In un sistema di video sorveglianza attivo non è sufficiente individuare un elemento nuovo che è entrato nella scena, si muove al suo interno o ne è uscito. Per avere una corretta comprensione di quello che realmente sta accadendo diventa fondamentale cercare di capire la natura dell’oggetto. Questo permette di avere un valido aiuto nel monitorare quello che accade. Ad esempio, si può essere avvertiti se una persona entra in una zona riservata alle merci o se un veicolo transita in una zona non consentita al traffico o in un orario particolare.

In generale, in un sistema di video sorveglianza, si cerca di distinguere tra due grandi categorie: Persone o gruppi di persone e veicoli.

Questo tipo di classificazione sembra piuttosto semplice in apparenza, ma in realtà vi sono molti fattori che la rendono, in molti casi, piuttosto complessa. Le difficoltà risiedono nel fatto che gli elementi da classificare possono essere ripresi in diverse pose e da diverse angolazioni che dipendono da quale angolazione e da quale distanza la telecamera inquadra la scena e dalla posa dell’oggetto. Questo comporta, ad esempio, che si possono avere immagini di auto con diverse prospettive che mostrano caratteristiche diverse. Oppure, a scale diverse, quella che sembra un'auto mentre in realtà è una persona.

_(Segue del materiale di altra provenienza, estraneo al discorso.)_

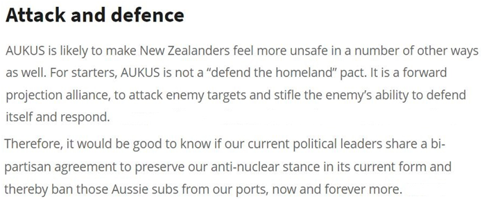 新西兰“最新消息”网站:“奥库斯”协议让新西兰人感到更不安全,因为这是一个带有前瞻性的联盟,旨在攻击“敌方”目标。而永远禁止澳大利亚核潜艇进入新西兰港口“将是一件好事”。
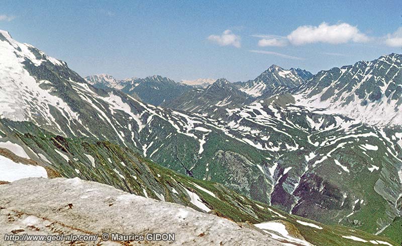 la Seigne vus du sud, depuis le sommet du col (cliché original obligeamment communiqué par M. Pierre Gidon).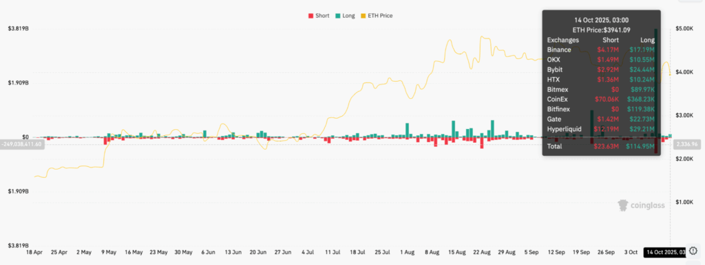 - ETH drops 8% to $3,940, triggering $115M in long liquidations.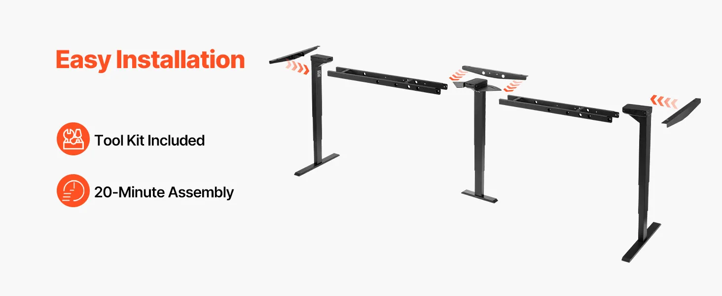Het frame van dit elektrische staande bureau kan snel worden gemonteerd met het meegeleverde gereedschap en minimale schroefkracht, waardoor u tijd en moeite bespaart.

Per ovviare a questi problemi è necessario individuare metodologie che non siano troppo sensibili alle differenze prospettiche.

In figura 17, ad esempio, si vedono delle riprese di automobili da angolazioni differenti. Come si nota le auto inquadrate di fianco presentano proporzioni e caratteristiche generali diverse da quelle inquadrate di fronte. Questo esempio ben illustra le difficoltà che ci possono essere nel generalizzare le caratteristiche che permettono di riconoscere gli autoveicoli.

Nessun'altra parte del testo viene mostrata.